Output only the lines of the entries that follow, starting at the one with "- Tamper Alert" and running down to the one with "- Envolturas de", both included and unchanged.

━━━━━ Records to use

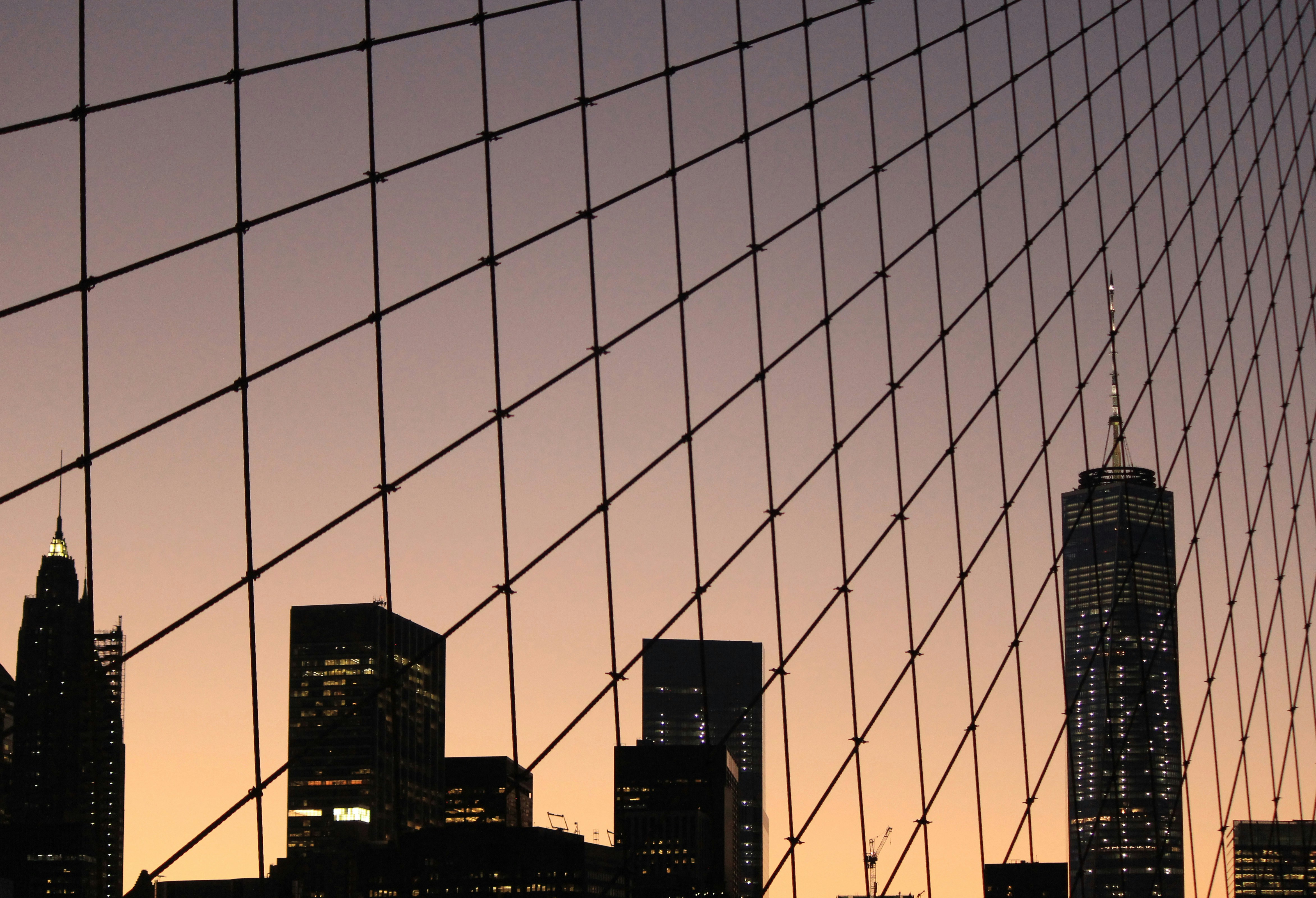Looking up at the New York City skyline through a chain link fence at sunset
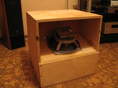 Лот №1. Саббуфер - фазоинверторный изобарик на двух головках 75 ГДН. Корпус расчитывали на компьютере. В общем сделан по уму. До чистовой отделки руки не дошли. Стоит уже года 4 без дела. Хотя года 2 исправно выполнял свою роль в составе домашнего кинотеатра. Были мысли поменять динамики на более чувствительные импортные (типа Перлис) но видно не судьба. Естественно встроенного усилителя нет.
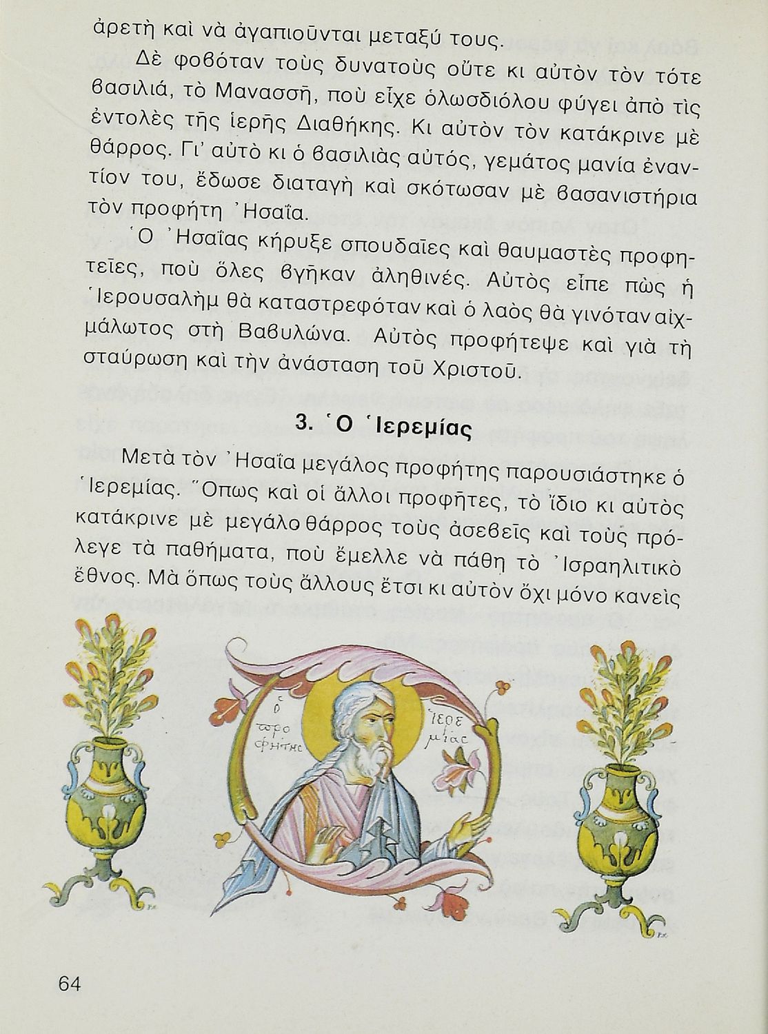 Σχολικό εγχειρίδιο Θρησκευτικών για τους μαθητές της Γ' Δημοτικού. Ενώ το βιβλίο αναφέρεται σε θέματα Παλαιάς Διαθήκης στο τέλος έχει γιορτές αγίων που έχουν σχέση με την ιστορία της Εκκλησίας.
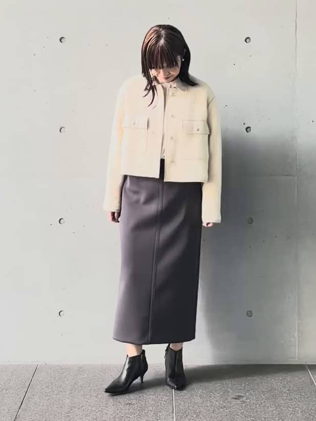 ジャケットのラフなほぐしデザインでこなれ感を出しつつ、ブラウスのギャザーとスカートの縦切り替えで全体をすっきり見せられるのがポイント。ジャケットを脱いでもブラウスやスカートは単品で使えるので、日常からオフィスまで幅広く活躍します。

━━━━━━━━━━
━━━━━ Records to use

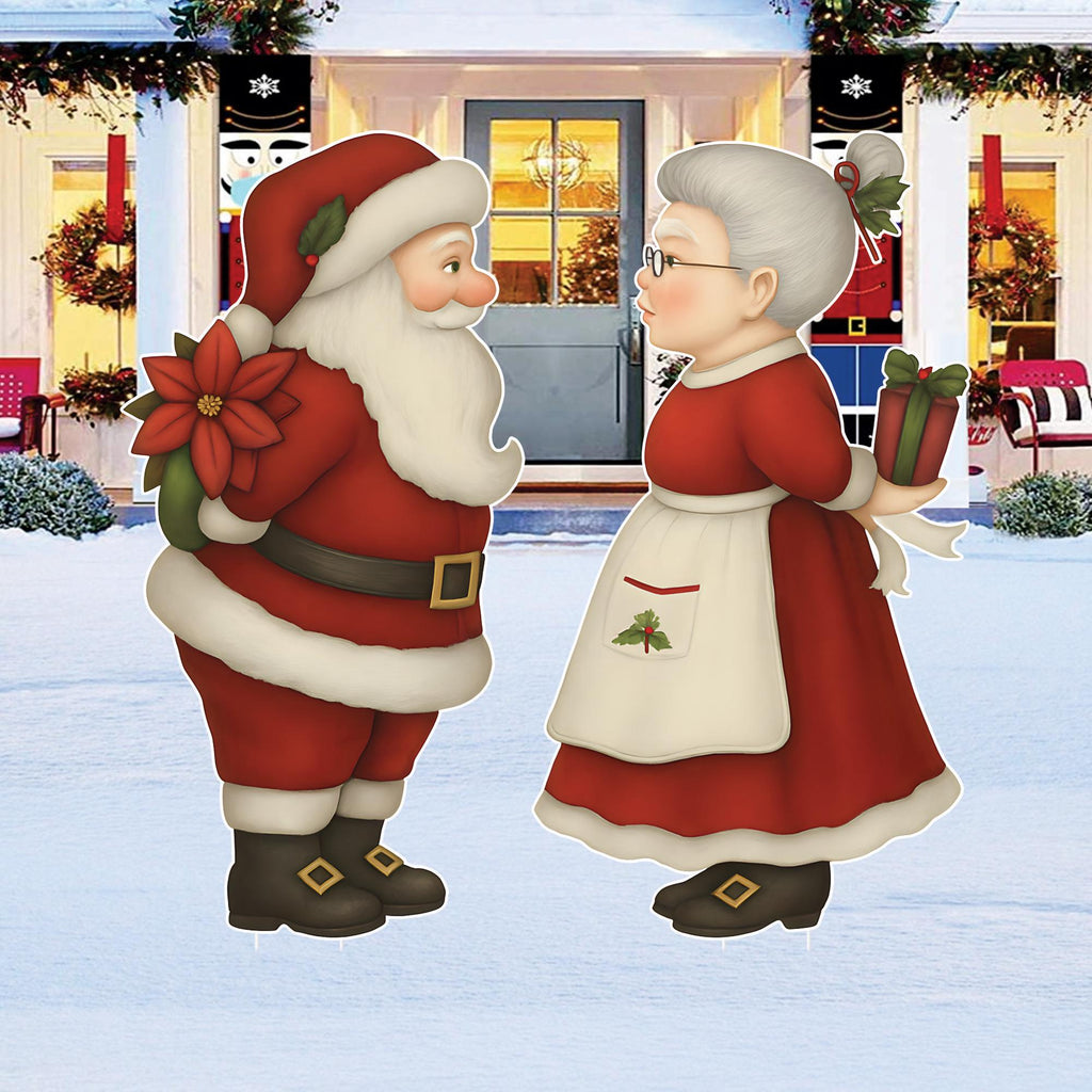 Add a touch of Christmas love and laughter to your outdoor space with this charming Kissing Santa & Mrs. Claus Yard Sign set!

━━━━━━━━━━
━━━━━ Records to use

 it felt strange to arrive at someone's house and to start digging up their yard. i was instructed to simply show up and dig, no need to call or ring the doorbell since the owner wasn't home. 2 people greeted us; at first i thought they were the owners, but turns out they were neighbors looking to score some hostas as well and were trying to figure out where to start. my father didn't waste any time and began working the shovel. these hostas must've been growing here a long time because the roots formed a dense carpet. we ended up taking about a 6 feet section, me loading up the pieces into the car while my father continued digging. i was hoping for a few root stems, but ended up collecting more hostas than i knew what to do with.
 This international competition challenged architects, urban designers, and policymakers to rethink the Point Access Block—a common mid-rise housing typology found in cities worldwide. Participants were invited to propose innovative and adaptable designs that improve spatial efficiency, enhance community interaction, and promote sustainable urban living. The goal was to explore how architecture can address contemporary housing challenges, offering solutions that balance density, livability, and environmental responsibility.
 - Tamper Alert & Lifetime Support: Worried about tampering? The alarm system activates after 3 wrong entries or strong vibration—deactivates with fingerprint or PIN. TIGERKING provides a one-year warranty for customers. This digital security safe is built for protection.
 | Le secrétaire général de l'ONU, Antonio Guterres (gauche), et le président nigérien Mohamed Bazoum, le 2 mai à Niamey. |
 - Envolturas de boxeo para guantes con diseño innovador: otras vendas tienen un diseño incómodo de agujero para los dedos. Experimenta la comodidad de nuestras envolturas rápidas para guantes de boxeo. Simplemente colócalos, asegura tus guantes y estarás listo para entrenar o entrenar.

━━━━━━━━━━

Solution to this exercise
 - Tamper Alert & Lifetime Support: Worried about tampering? The alarm system activates after 3 wrong entries or strong vibration—deactivates with fingerprint or PIN. TIGERKING provides a one-year warranty for customers. This digital security safe is built for protection.
 | Le secrétaire général de l'ONU, Antonio Guterres (gauche), et le président nigérien Mohamed Bazoum, le 2 mai à Niamey. |
 - Envolturas de boxeo para guantes con diseño innovador: otras vendas tienen un diseño incómodo de agujero para los dedos. Experimenta la comodidad de nuestras envolturas rápidas para guantes de boxeo. Simplemente colócalos, asegura tus guantes y estarás listo para entrenar o entrenar.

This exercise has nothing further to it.